Inflation peak expected in September
Annual consumer price inflation in New Zealand reached 3.1 percent in the March quarter.
The Committee expects inflation to peak at 4.3 percent in the September quarter before returning to the 2 percent target mid-point by mid-2027.
Despite near-term pressures, core inflation, wage growth, and medium- to long-term inflation expectations remain consistent with the target over the medium term.
The Middle East conflict is identified as a key factor, disrupting global supply chains and increasing prices for petrochemicals, which in turn impacts fuel and other intensive inputs.
This is expected to drive first-round direct and indirect inflation effects this year, with elevated uncertainty around the near-term forecast.
Weak demand vs. persistent costs
The global economic outlook remains uncertain, with New Zealand's trading partners expected to face weaker growth and higher inflation.
Domestically, business confidence and spending are weak, consumer confidence has fallen, and the housing market remains subdued.

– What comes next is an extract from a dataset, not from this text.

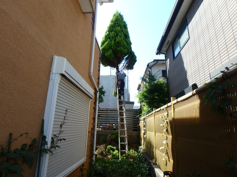 【 施工内容 】 コニファー「ゴールドクレスト」伐採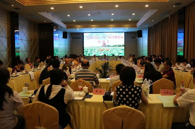 7月18日,由廣西民族報社、廣西散文學會、壯族文學創作促進會、中共覃塘區委、覃塘區人民政府聯合主辦的廣西多民族作家“走進覃塘感受荷韻”采風活動暨“岜萊詩會”與廣西詩歌發展座談會在貴港市覃塘區舉行。自治區文聯黨組成員、副主席牙韓彰,自治區民族宗教事務委員會二級巡視員覃漢華,中央民族大學原副校長、博士生導師黃鳳顯出席并講話,自治區文聯黨組成員、副主席石才夫傳來書面講話。座談會由壯族作家創作促進會會長、廣西散文學會副會長黃鵬主持。廣西民族報社社長韋尚雄、廣西民族出版社社長石朝雄、中共覃塘區委常委、宣傳部長黃建全等領導以及黃佩華、朱山坡等知名作家、詩人、評論家、文化學者和媒體人士等50多人參加了活動。

While weak demand and elevated unemployment are expected to dampen medium-term inflation, the Committee remains vigilant against increased costs leading to sustained inflation.
Financial conditions have tightened, with market expectations for central bank policy rates rising globally and domestically.
The Committee noted that the OCR will most likely need to increase sooner and by more than previously envisaged, with the pace depending on the balance between persistent wage- and price-setting behaviour and weaker economic activity.